Directions ->
What is needed is an exact transcription of the listing, with the images removed.

Given material ->
--- START ---

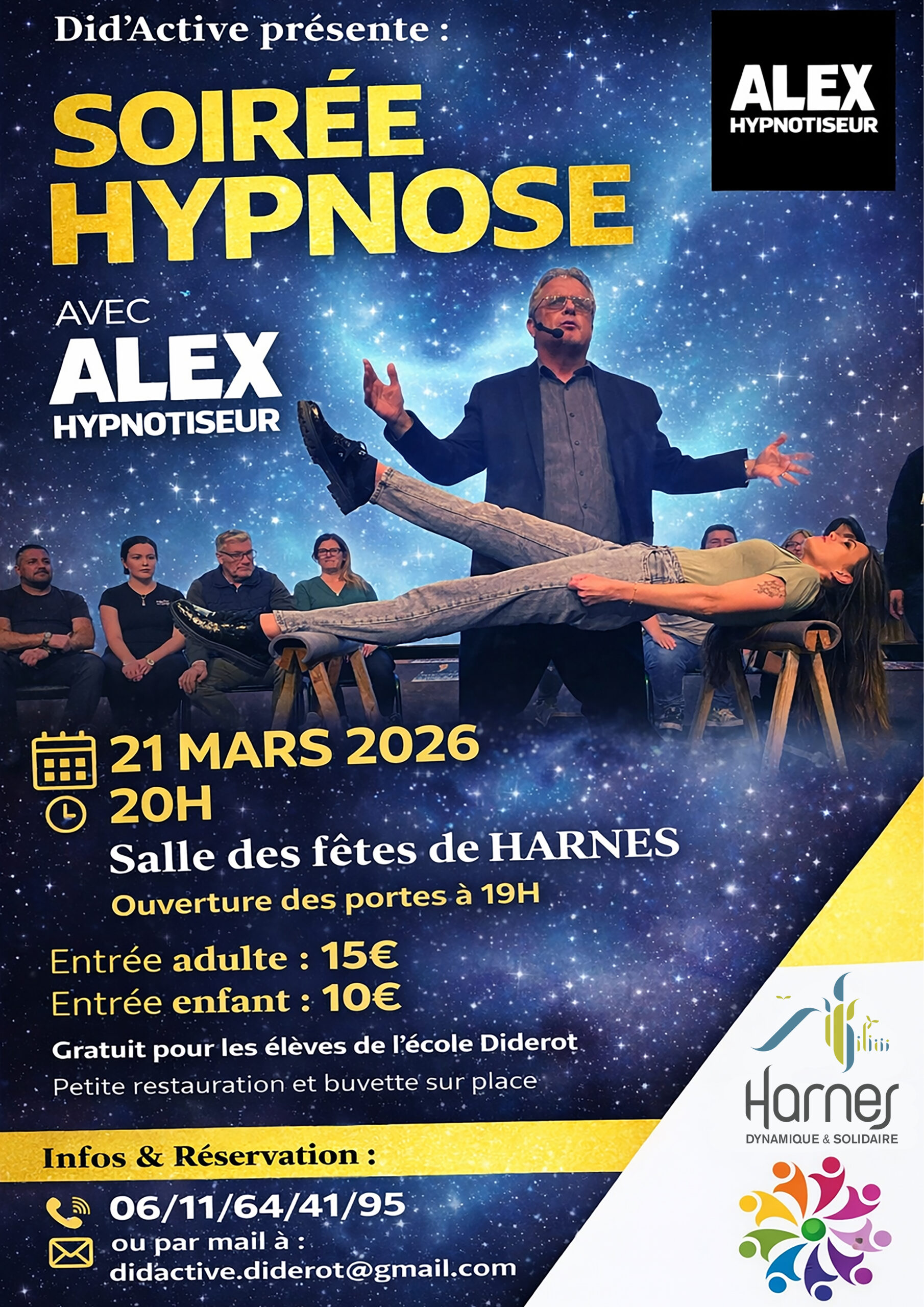 Soirée Hypnose + Ajouter à mon Agenda Google + iCal / Outlook export 00 jours 00 heures 00 minutes 00 secondes Date 21 Mar 2026 Heure 20 h 00 min Lieu Salle des Fêtes 93 Rue des Fusillés Organisateur Did'Active Partagez cet événement
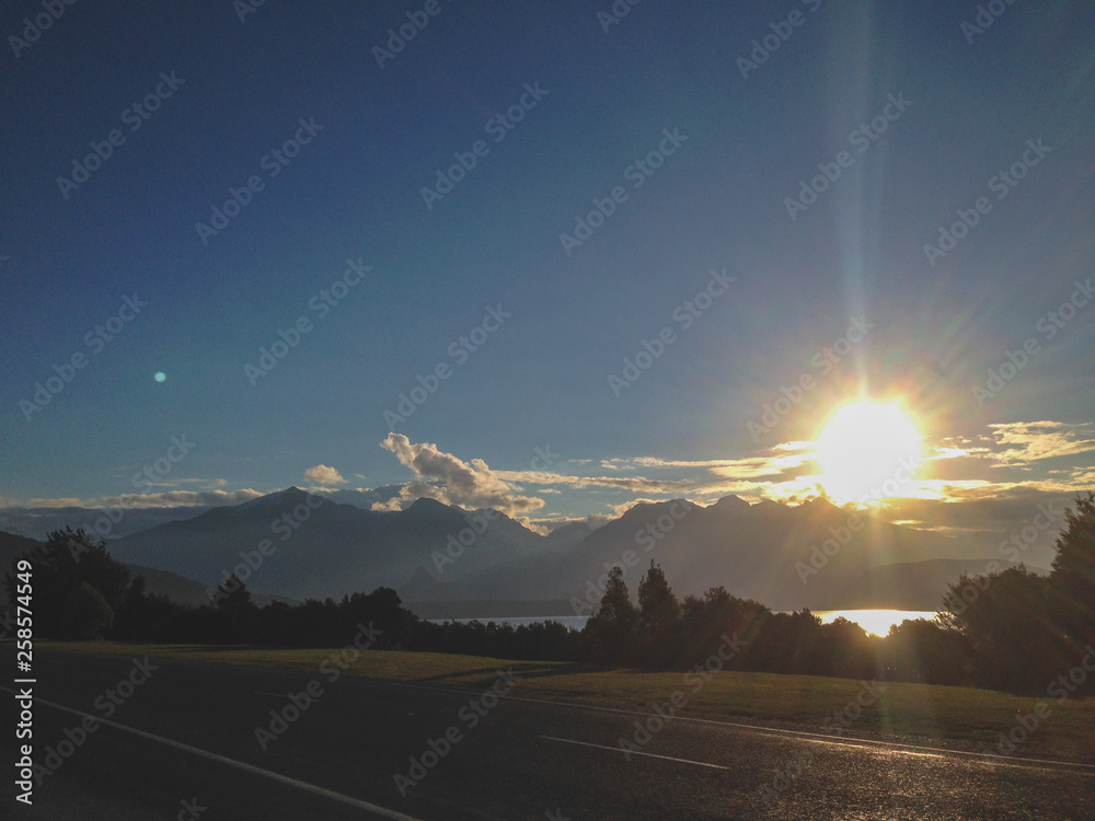 sunset at Lake Manapouri, Fiordland National Park, South Island, New Zealand
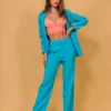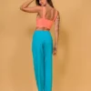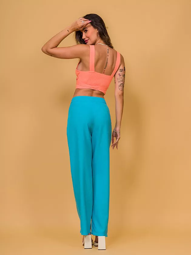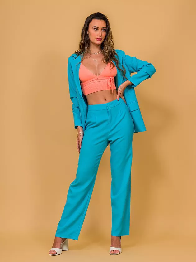 Calça com cintura marcada e modelagem reta. A peça possui cós com botão. Confeccionada em alfaiataria com textura de linho.
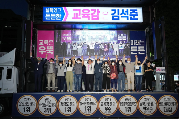 김석준 부산시교육감 후보가 31일 오후 7시 서면 NC백화점 앞에서 마지막 선거 유세를 하고 "이제 우리 부산교육은 과거교육으로 되돌아갈 것인지 미래교육으로 나아갈 것인지 중대한 갈림길에 서 있다"며 "아이들의 본보기가 돼야 할 교육감은 정직하고 청렴한 사람이어야 하고 공정하고 실력있는 사람이어야 한다"고 말했다.

--- END ---

Answer section ->
 Soirée Hypnose + Ajouter à mon Agenda Google + iCal / Outlook export 00 jours 00 heures 00 minutes 00 secondes Date 21 Mar 2026 Heure 20 h 00 min Lieu Salle des Fêtes 93 Rue des Fusillés Organisateur Did'Active Partagez cet événement
 sunset at Lake Manapouri, Fiordland National Park, South Island, New Zealand
 Calça com cintura marcada e modelagem reta. A peça possui cós com botão. Confeccionada em alfaiataria com textura de linho.
 김석준 부산시교육감 후보가 31일 오후 7시 서면 NC백화점 앞에서 마지막 선거 유세를 하고 "이제 우리 부산교육은 과거교육으로 되돌아갈 것인지 미래교육으로 나아갈 것인지 중대한 갈림길에 서 있다"며 "아이들의 본보기가 돼야 할 교육감은 정직하고 청렴한 사람이어야 하고 공정하고 실력있는 사람이어야 한다"고 말했다.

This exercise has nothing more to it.